● Supplied data:
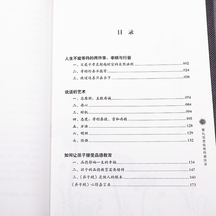 本书收录了《人生不能等待的两件事:孝顺与行善》 、《说话的艺术》 、《如何让孩子接受品德教育》等三部分内容,在家庭教育方面为父母开启了一条行之有效的教育之路。
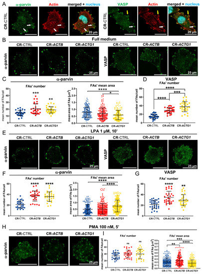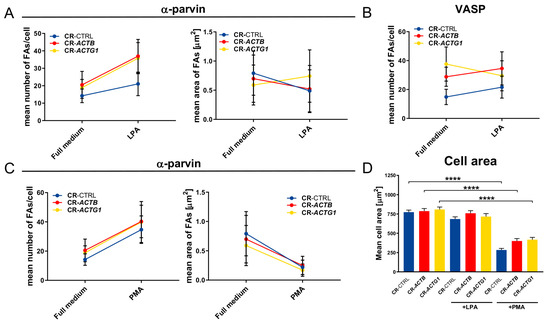 Subsequently, we compared the results for all the clones concerning the numbers and sizes of FAs upon LPA or PMA stimulation under full medium conditions by employing slope graphs. We observed the same tendency for all the tested cells, i.e., LPA and PMA incubation increased the number of α-parvin-rich FAs and PMA treatment decreased FA size (Figure 8A,C). In the case of CR-ACTG1 cells, we noted, surprisingly, an increase in the size of α-parvin-rich FAs upon LPA stimulation when compared to controls and CR-ACTB cells, for which a decrease was noted (Figure 8A). Similarly, after LPA treatment, the number of VASP-rich FAs decreased in the cells devoid of γ actin and increased in the control and CR-ACTB cells (Figure 8B). These results indicate that FA formation differed between the clones and that CR-ACTG1 cells had impaired FA turnover.
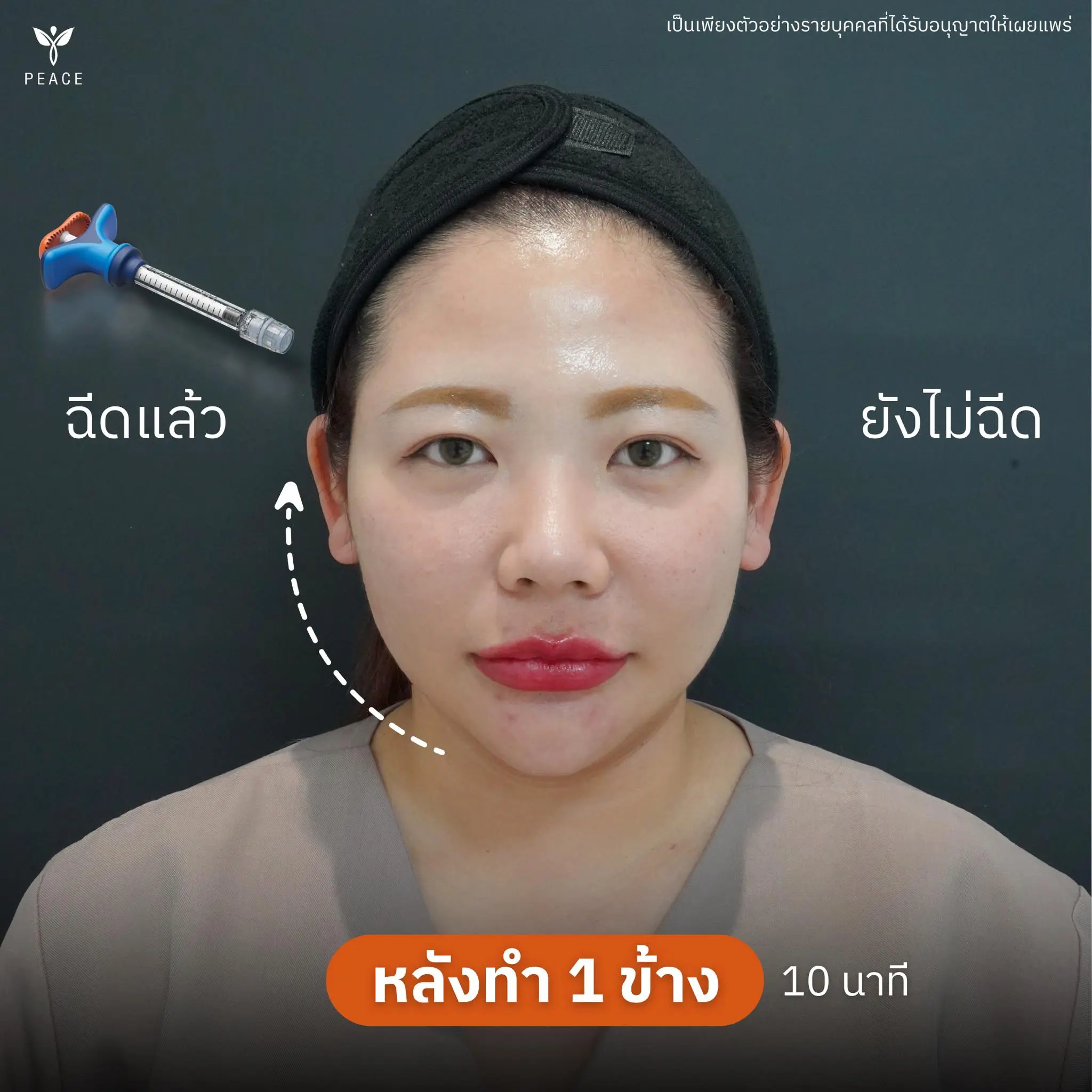 หลังฉีดจะสังเกตได้ว่าผิวดูอิ่มขึ้นจากคุณสมบัติของ HA ที่ช่วยทดแทนปริมาตรในบริเวณที่ผิวเริ่มบางหรือยุบตัว เช่น ร่องแก้ม ร่องน้ำหมาก หรือบริเวณที่ขาดความอิ่มฟู ทำให้ภาพรวมของใบหน้าดูสดใสขึ้น

● Try it: Transcribe the material exactly, keeping every word and none of the pictures.

● Written answer:
 本书收录了《人生不能等待的两件事:孝顺与行善》 、《说话的艺术》 、《如何让孩子接受品德教育》等三部分内容,在家庭教育方面为父母开启了一条行之有效的教育之路。
 Subsequently, we compared the results for all the clones concerning the numbers and sizes of FAs upon LPA or PMA stimulation under full medium conditions by employing slope graphs. We observed the same tendency for all the tested cells, i.e., LPA and PMA incubation increased the number of α-parvin-rich FAs and PMA treatment decreased FA size (Figure 8A,C). In the case of CR-ACTG1 cells, we noted, surprisingly, an increase in the size of α-parvin-rich FAs upon LPA stimulation when compared to controls and CR-ACTB cells, for which a decrease was noted (Figure 8A). Similarly, after LPA treatment, the number of VASP-rich FAs decreased in the cells devoid of γ actin and increased in the control and CR-ACTB cells (Figure 8B). These results indicate that FA formation differed between the clones and that CR-ACTG1 cells had impaired FA turnover.
 หลังฉีดจะสังเกตได้ว่าผิวดูอิ่มขึ้นจากคุณสมบัติของ HA ที่ช่วยทดแทนปริมาตรในบริเวณที่ผิวเริ่มบางหรือยุบตัว เช่น ร่องแก้ม ร่องน้ำหมาก หรือบริเวณที่ขาดความอิ่มฟู ทำให้ภาพรวมของใบหน้าดูสดใสขึ้น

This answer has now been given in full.